## [EXERCISE DESCRIPTION]
All lines below starting at the one that holds "替補(bǔ)陣容西部這邊:愛" and ending at the one that holds "Collar con 5" should be printed exactly, ends included. Pictures should not be printed, nor anything else.
**** RECORD EXTRACTS ****
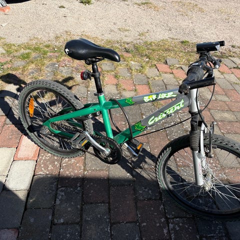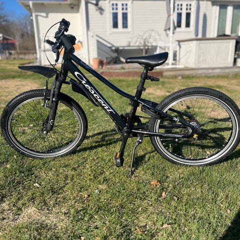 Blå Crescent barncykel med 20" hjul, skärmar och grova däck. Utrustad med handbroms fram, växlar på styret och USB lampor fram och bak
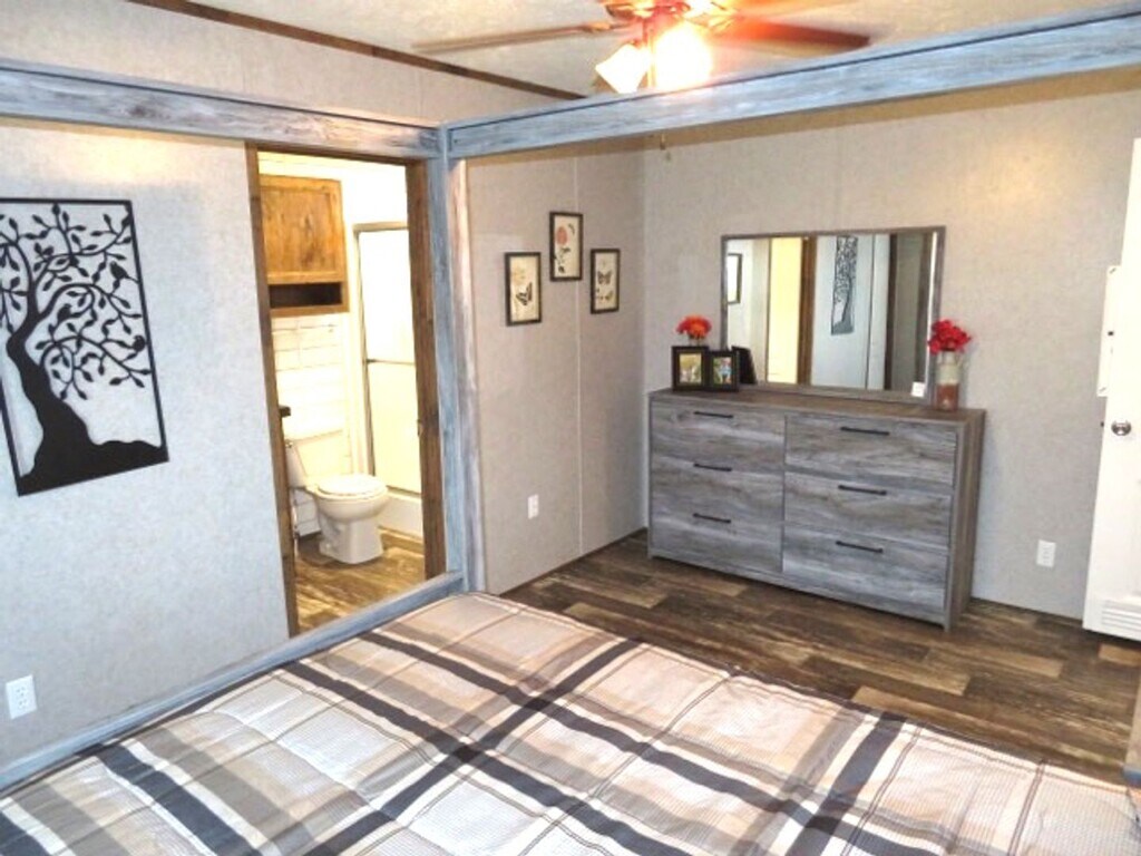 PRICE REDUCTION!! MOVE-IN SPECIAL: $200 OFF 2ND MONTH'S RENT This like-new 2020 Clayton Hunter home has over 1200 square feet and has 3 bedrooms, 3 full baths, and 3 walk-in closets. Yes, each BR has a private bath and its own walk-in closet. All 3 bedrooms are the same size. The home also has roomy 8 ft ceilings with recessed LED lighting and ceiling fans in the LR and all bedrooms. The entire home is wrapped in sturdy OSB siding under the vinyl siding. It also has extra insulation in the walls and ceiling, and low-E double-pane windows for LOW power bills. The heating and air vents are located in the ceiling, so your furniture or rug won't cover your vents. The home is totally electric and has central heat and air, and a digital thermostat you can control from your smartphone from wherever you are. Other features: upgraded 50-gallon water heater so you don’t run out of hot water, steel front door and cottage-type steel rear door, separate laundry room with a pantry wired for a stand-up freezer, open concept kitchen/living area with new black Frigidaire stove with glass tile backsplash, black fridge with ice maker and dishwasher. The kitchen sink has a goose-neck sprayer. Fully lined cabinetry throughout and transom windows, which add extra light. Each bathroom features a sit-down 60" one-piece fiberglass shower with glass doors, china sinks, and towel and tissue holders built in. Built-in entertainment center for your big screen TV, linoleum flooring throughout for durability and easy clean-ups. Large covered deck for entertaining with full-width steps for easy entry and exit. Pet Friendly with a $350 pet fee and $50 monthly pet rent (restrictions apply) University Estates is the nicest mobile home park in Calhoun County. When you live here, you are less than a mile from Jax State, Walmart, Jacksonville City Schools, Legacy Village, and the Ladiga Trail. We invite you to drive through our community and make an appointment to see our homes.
****
**** RECORD EXTRACTS ****
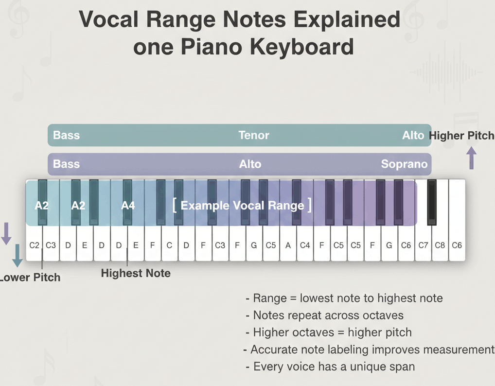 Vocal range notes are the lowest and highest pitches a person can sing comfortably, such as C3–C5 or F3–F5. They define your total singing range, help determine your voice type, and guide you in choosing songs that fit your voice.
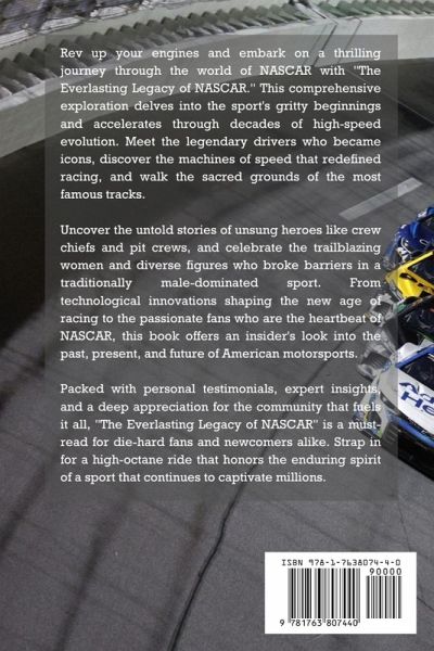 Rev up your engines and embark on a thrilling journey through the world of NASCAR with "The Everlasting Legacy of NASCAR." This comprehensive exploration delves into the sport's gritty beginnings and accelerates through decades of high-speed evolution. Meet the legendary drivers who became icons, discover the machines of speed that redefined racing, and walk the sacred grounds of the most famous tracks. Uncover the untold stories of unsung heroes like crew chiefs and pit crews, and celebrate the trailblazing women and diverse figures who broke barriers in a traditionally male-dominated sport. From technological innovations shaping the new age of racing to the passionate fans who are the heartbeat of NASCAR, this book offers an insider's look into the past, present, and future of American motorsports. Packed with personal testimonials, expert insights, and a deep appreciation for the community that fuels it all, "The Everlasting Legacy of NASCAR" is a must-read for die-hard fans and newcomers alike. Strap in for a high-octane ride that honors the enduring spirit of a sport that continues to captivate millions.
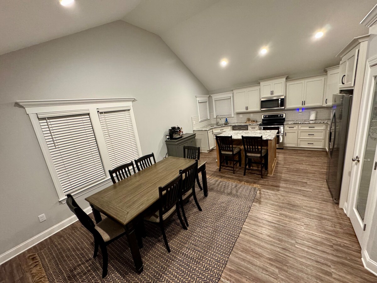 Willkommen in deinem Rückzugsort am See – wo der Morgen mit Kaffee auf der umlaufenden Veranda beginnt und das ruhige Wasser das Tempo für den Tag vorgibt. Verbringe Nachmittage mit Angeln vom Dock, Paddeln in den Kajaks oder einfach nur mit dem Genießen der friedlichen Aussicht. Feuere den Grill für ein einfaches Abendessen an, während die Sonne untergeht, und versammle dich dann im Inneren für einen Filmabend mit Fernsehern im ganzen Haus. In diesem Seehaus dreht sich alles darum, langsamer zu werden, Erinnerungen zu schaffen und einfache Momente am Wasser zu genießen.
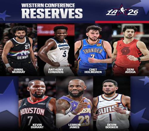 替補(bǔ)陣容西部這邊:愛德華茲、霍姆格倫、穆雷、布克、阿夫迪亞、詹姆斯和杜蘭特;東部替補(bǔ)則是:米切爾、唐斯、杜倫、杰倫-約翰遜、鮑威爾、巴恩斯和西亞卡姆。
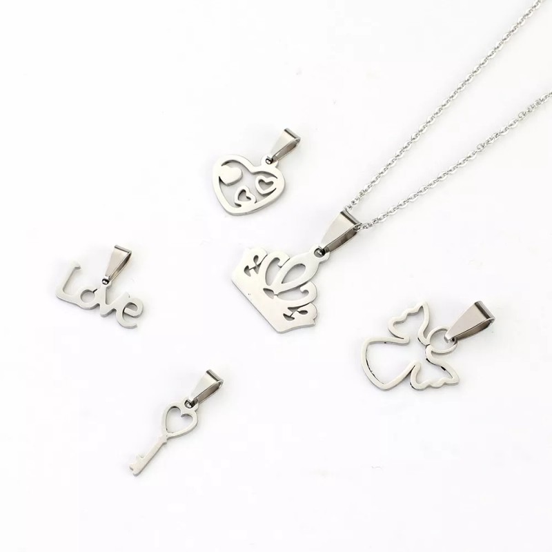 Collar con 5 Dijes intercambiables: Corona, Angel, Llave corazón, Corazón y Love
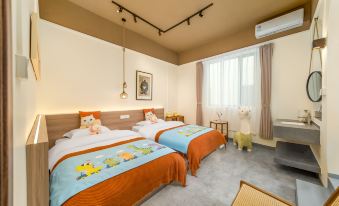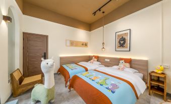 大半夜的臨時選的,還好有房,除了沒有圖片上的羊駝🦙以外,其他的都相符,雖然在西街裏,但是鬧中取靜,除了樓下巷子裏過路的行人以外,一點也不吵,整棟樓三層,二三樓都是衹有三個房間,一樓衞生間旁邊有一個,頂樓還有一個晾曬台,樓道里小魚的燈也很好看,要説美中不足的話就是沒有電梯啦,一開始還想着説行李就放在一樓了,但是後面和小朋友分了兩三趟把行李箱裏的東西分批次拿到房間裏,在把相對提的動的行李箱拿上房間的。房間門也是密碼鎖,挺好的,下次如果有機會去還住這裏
****
**** RECORD EXTRACTS ****
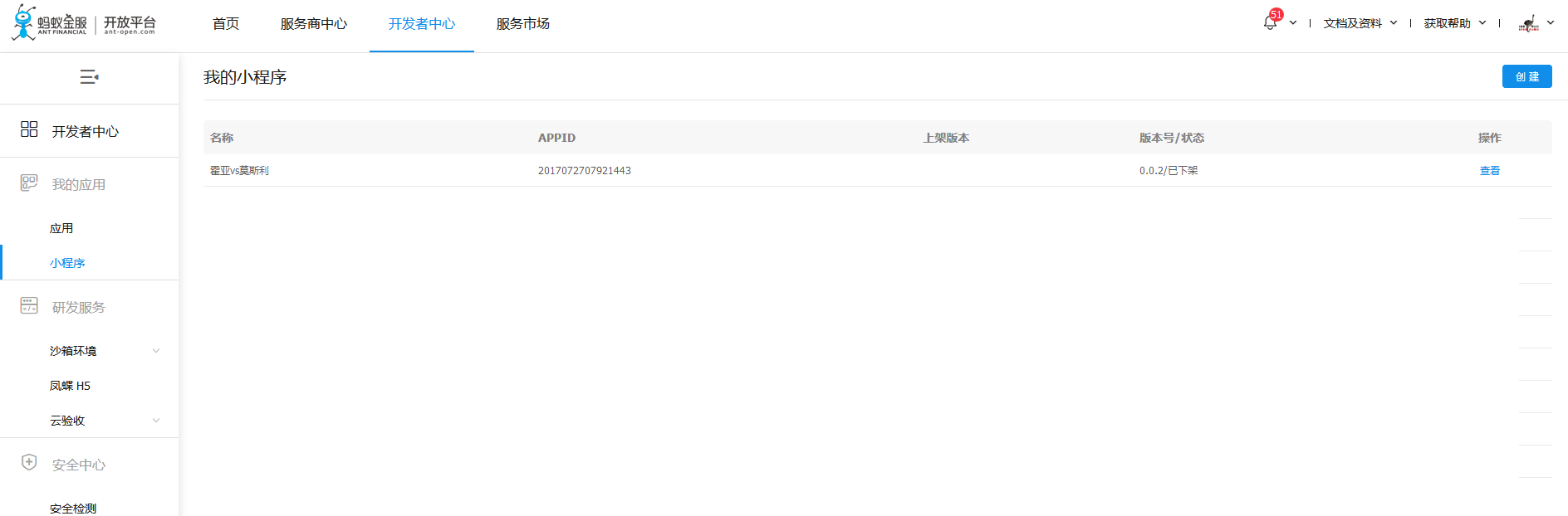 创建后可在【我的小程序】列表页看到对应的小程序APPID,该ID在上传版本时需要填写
****
## [EXERCISE ANSWER]
 替補(bǔ)陣容西部這邊:愛德華茲、霍姆格倫、穆雷、布克、阿夫迪亞、詹姆斯和杜蘭特;東部替補(bǔ)則是:米切爾、唐斯、杜倫、杰倫-約翰遜、鮑威爾、巴恩斯和西亞卡姆。
 Collar con 5 Dijes intercambiables: Corona, Angel, Llave corazón, Corazón y Love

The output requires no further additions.